En otra de mis búsquedas recalé en Serrano. De
nuevo el gran almacén pero en esta calle la tienda, de una sobria elegancia,
estaba decorada con madera, espejos y cuero. Me asaltaron los olores nada más
entrar. En absoluto fue una sensación violenta. Evocaban clasicismo, seguridad
y pulcritud. Como tal vez oliera a mediados del siglo pasado en el baño de un
escritor de éxito, un reputado cirujano, un político trepa y prometedor o un
publicista a lo Mad Men. Había entrado al local de Serrano para hacer pis. Los
grandes almacenes siempre son mi comodín, con sus baños limpios, el papel
higiénico a punto y toallitas de papel de buena calidad. Salía de un concierto
en la Residencia de Estudiantes y decidí bajar andando hacia Colón para
despejarme. Todo rebosaba estilo y distinción en el establecimiento. El guardia
de la puerta, apuesto como un galán de Hollywood me dio las buenas tardes al
entrar. Los dependientes, de impecable traje, recordaban a George Clooney, con
cuidado corte de pelo y canas como pintadas una a una.
Volví mi mirada, ávida, hacia colecciones de
frascos minimalistas, con formas rectas y tipografía clásica en las etiquetas.
Correspondían a marcas de las que no necesitan anunciarse en televisión. Aromas
de un clasicismo vetusto, de perfumistas que cuentan historias disparatadas
sobre el nacimiento de sus perfumes.
Tanto lujo me incomodaba.
La respuesta tampoco podía encontrarse allí,
mi personaje, desclasado y sibarita, no podría permitirse esos precios.

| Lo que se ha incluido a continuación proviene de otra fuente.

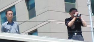 当一支由1500多名法轮功学员组成的游行队伍从芝加哥市中心著名的联邦广场出发来带到中国驻芝加哥使馆前时,两个中共驻芝加哥使馆官员爬上使馆屋顶对着游行队伍拍摄,企图为迫害海外的法轮功学员搜集资料。在海外,江氏流氓集团多次指使其驻外机构收集法轮功学员的个人资料,拍照、录像等,制造侵犯人权的“黑名单”,以阻止法轮功学员入境大陆、香港等地,并株连迫害他们在大陆的亲友。然而他们没想到的是,他们这一侵犯人权的行为也被记录下来,并可能成为全球公审江泽民行动中江集团迫害海外法轮功学员的新证据。
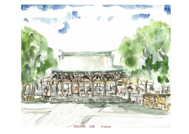 7月30日の朝 東京にいて私の仕事は10時半から。この日は、明治天皇崩御の日でお祭りがある。神主に先導された黒服の集団が恭しく本殿に入っていき、荘厳なる雅楽の響きが始まる。そこへ、雀の大群のごとき中国人団体旅行客。私の描きかけの絵を無遠慮にのぞき込んで、あれやこれや発音している。不敬罪で逮捕すると言うわけにもいかん。これが国際化なんでしょう。
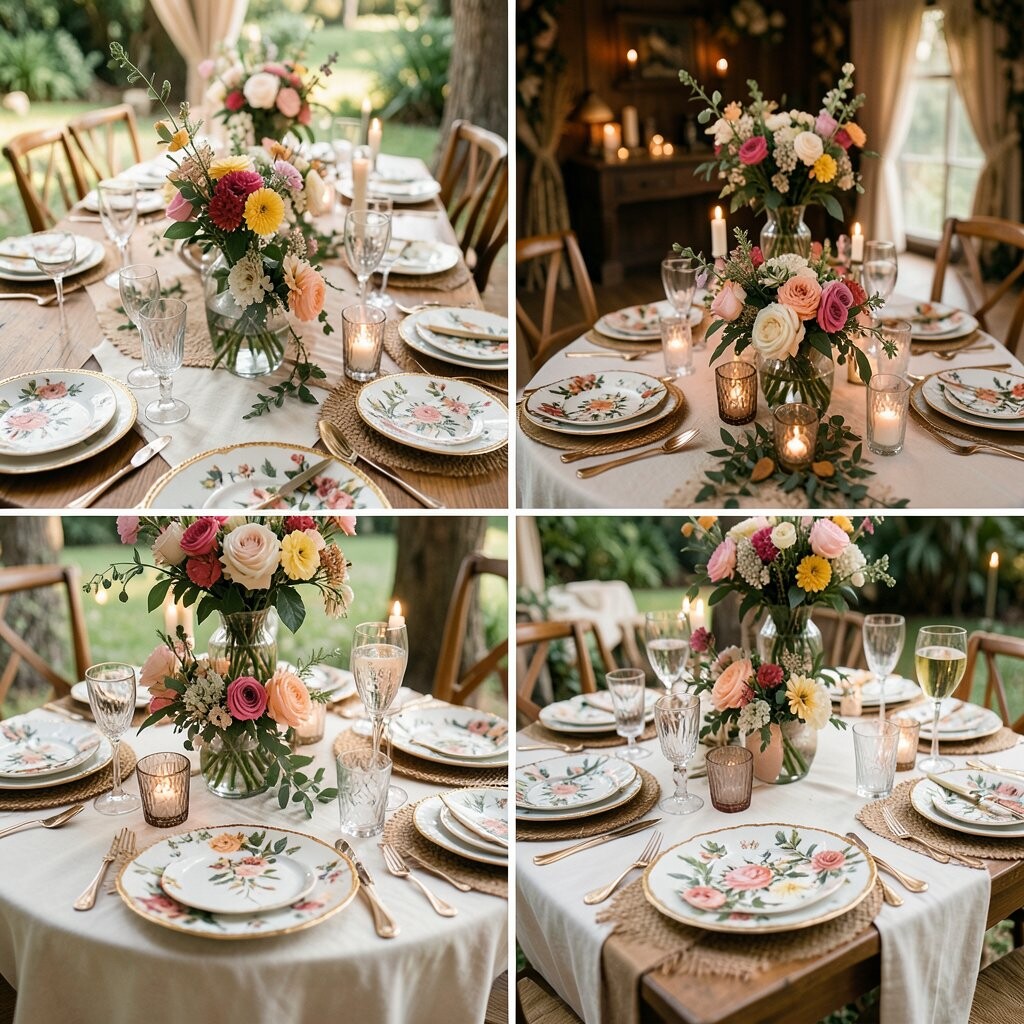 Create a laid-back, boho vibe with floral plates featuring earth tones and wildflower designs. These plates can be the centerpiece of a relaxed, free-spirited gathering.
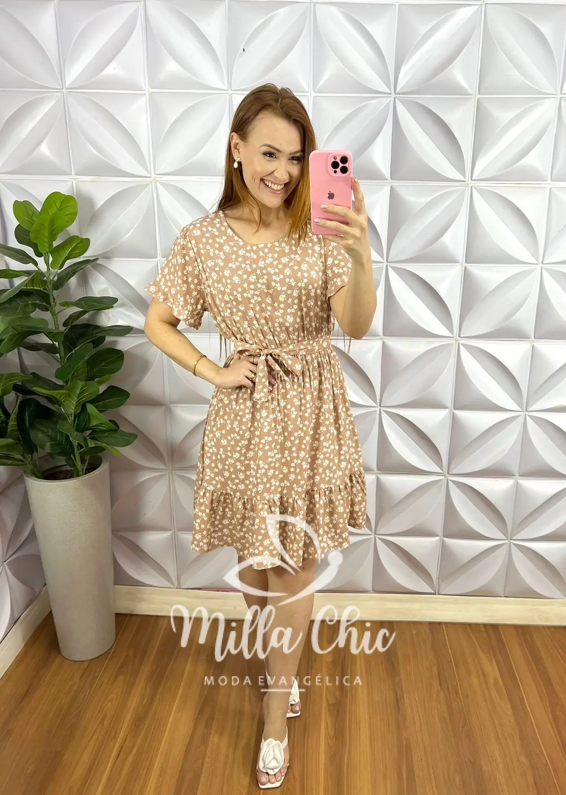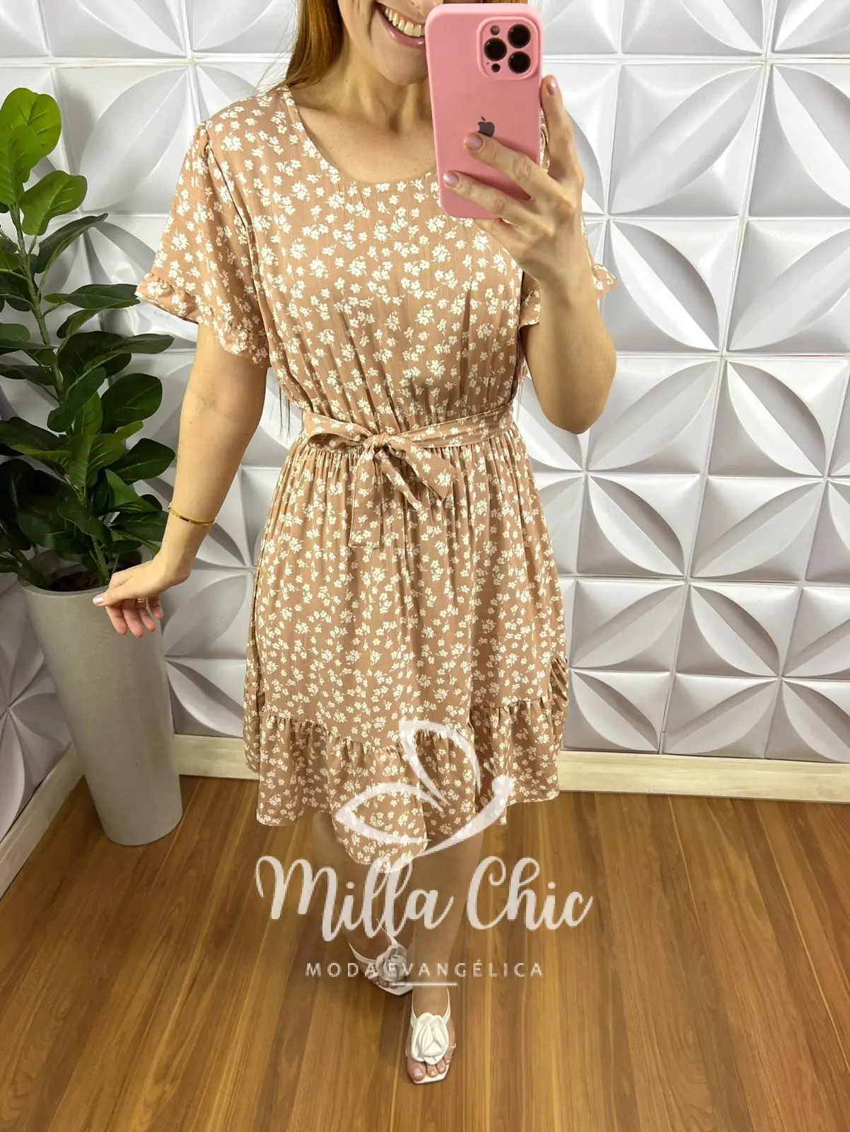 Vestido No Viscolinho Curto Manga Com Faixa Cinto Estampado Katia – Areia
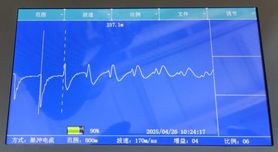 1.使用測距儀低壓脈沖測量,得到有效波形全長314.5米。如圖所示
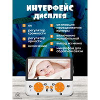голосовая активация (VOX), датчик влажности, датчик движения, датчик температуры, двусторонняя голосовая связь, колыбельные мелодии, ночник, подвижная камера, работа от сети 220 В, термометр, функция ночного видения
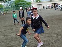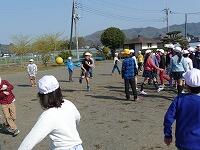 今回は、仲良し班の顔合わせということで、班ごとに自己紹介をしてから集合写真を撮り、その後、校庭で班ごとに楽しくゲームを行って遊びました。

Pienso
que tal vez el ritual desplegado por el actor puede funcionar. Y me dejo
llevar. El dependiente frunce el ceño y me busca otro perfume. Repite el gesto
con el abanico. Pero el anhelado flechazo no llega. Sus explicaciones tampoco
ayudan. Habla de desiertos, de nómadas, narguiles, inciensos y oasis. A mi
cabeza acude un término “orientalismo”, ese mal que los antropólogos condenan y
que yo lucho por desterrar de mi mirada. Ese orientalismo con el que miré en su
día a la India y al norte de África. Sin embargo, él está poniendo empeño. Opto
por no ser aguafiestas. Y sigo oliendo. Me decido por la combinación que me ha
llenado más, ámbar, almizcle y un toque de pimienta blanca. Compro un frasco
pequeño, de promoción y me lo llevo. En casa me perfumo con él. Con disgusto,
acabo admitiendo que tampoco es éste.
No encuentro un final adecuado. Aún no tengo
perfume para mi personaje y no estoy segura de si debo seguir buscando. Para
este metarrelato sobre escritura podría inventarme hallarlo gracias al anuncio
de una revista antigua, o en una caja con cosas de mi abuelo, en realidad yo no
conocí a ninguno de los dos, o en un choque fortuito con un tipo perfumado en
el metro, o…
Pero lo cierto es que el flechazo aún no ha
sucedido. Sin embargo, la novela seguirá adelante, ya es inevitable.